The emulation mode can be controlled by writing to sysctl nodes (/proc/sys/abi). The following explains the different execution behaviours and the corresponding values of the sysctl nodes -
- Undef
Value: 0
Generates undefined instruction abort. Default for instructions that have been obsoleted in the architecture, e.g., SWP
- Emulate
Value: 1
Uses software emulation. To aid migration of software, in this mode usage of emulated instruction is traced as well as rate limited warnings are issued. This is the default for deprecated instructions, .e.g., CP15 barriers
- Hardware Execution
Value: 2
Although marked as deprecated, some implementations may support the enabling/disabling of hardware support for the execution of these instructions. Using hardware execution generally provides better performance, but at the loss of ability to gather runtime statistics about the use of the deprecated instructions.
The default mode depends on the status of the instruction in the architecture. Deprecated instructions should default to emulation while obsolete instructions must be undefined by default.
Note: Instruction emulation may not be possible in all cases. See individual instruction notes for further information.

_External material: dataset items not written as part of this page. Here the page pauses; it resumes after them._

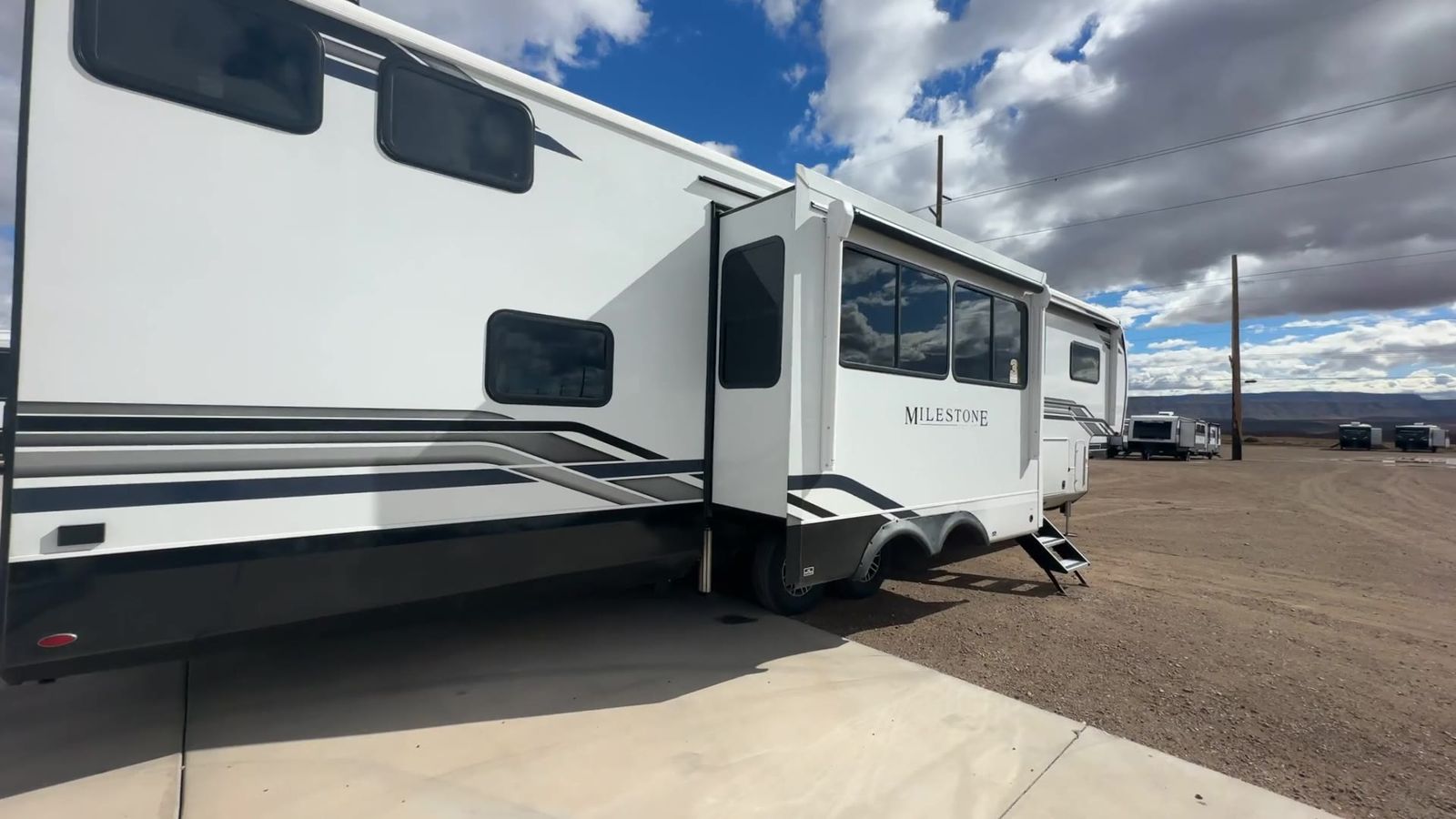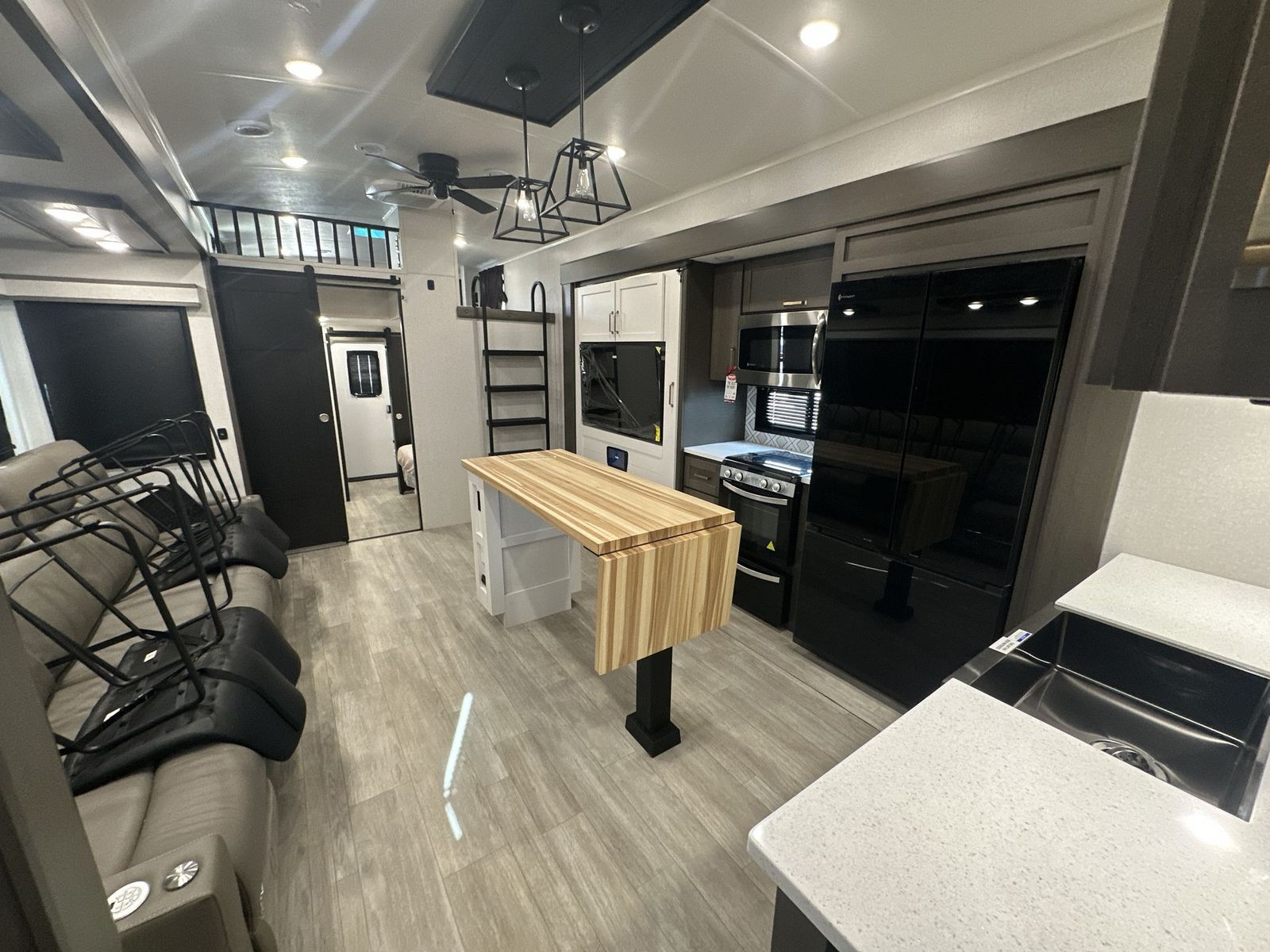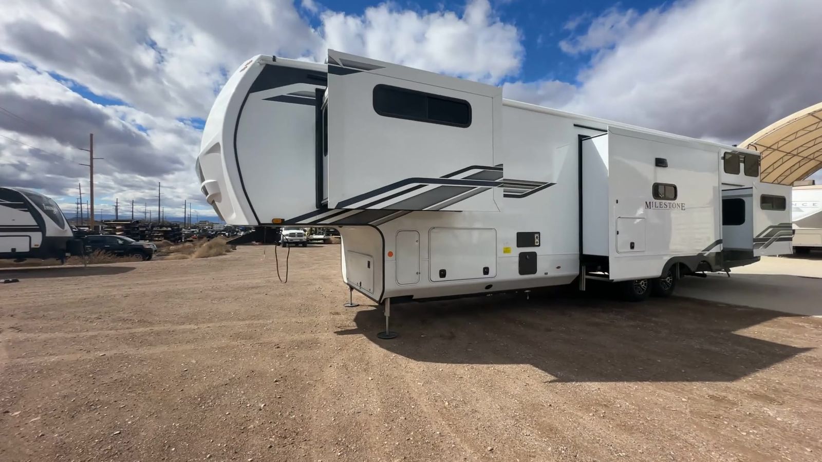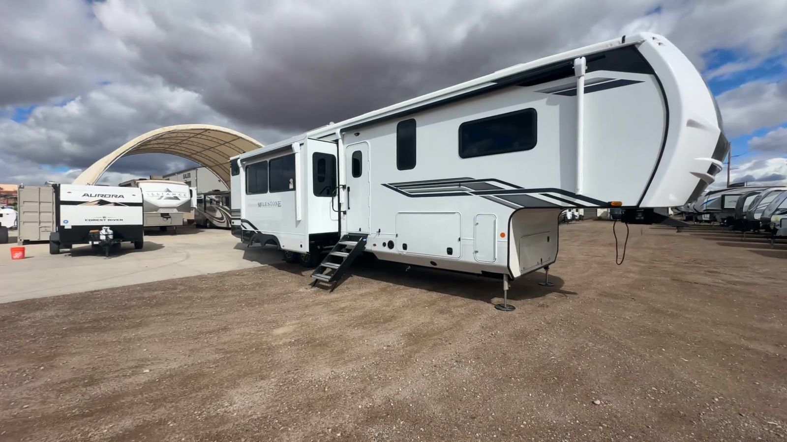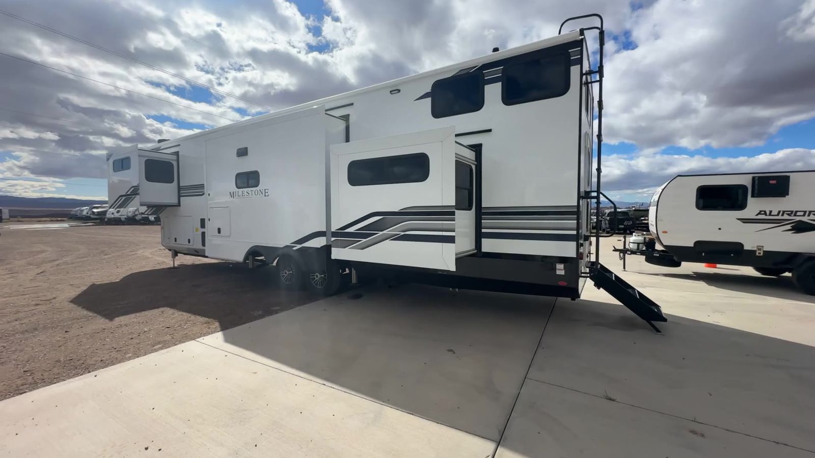 Heartland Milestone fifth wheel 39TB highlights: Loft 4K Smart LED HDTV Island Table Hidden Pantry You'll be shocked with how many people can travel in full luxury with this Milestone fifth wheel! There are dualprivate bedrooms featuring aking-size bedin the front bedroom and a queen-size bed in the rear bedroom so you and your guests can have their own space. Use the loft for added sleeping space for the kiddos! This RV also has two full bathrooms on each end so it is of easy access, also, the rear bathroom has its own exterior entrance! The kitchen has all the counter space you will need to prepare your everyday meals, after cooking you can enjoy your creation at the island table with chairs.There is a super lounger that has all the space you'll need to enjoy quality time with all of your guests!Enjoya wonderful design featuring dual opposing slides that will make for the real residential experience and make the most out of your travel. The Heartland Milestone is a full-profile luxury fifth wheel that is ready to help you make the most of your adventures! You will find aTrussTXL Roof System with Alpha roof membrane system offering quality exterior protection,and thePower Up Solar that includes a200 watt solar panelwill let you go off-grid when the adventure calls for it. The upgradedMORryde Step Above entrance stepswill help you enter your unit with ease, and the6-point hydraulicauto-leveling systemcomes standard to help you keep your unit secure while camping. The interior kitchen has some great features, like residential solid surface countertopsand alarge farmhouse sink.There are roller night shadesthroughout each unit to have privacy and comfort.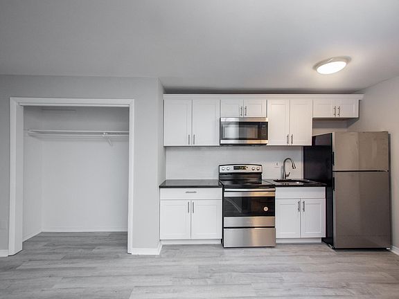 Newly renovated studio apartment. Fresh paint, new floors, new kitchen and new bathroom make this apartment perfect for anyone! There is shared laundry in the basement and one off street parking space included Tenant pays all utilities. The utilities include electric. The heat is electric. 12 month lease. no pets.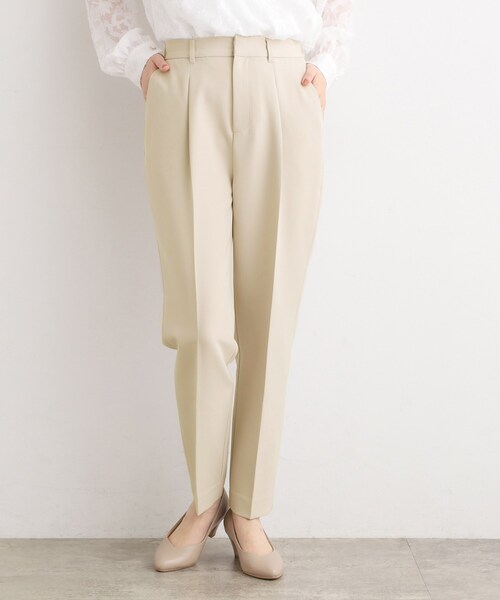 すっきりしたセンタープレス入りでお仕事からセレモニーに活躍のタック入りベーシックテーパードパンツ。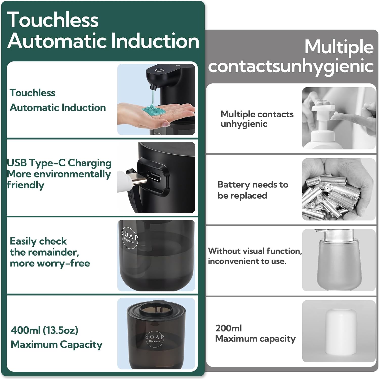 • 【Large Capacity & Long Battery Life】No more disposable batteries! Our foaming soap dispenser features a rechargeable battery, easily powered via USB. Enjoy up to 2-3 months of use on a single charge, depending on usage, for hassle-free, long-lasting performance.

Supported legacy instructions¶
SWP{B}
- Node
/proc/sys/abi/swp
- Status
Obsolete
- Default
Undef (0)
CP15 Barriers
- Node
/proc/sys/abi/cp15_barrier
- Status
Deprecated
- Default
Emulate (1)
SETEND
- Node
/proc/sys/abi/setend
- Status
Deprecated
- Default
Emulate (1)*
Note: All the cpus on the system must have mixed endian support at EL0 for this feature to be enabled. If a new CPU - which doesn’t support mixed endian - is hotplugged in after this feature has been enabled, there could be unexpected results in the application.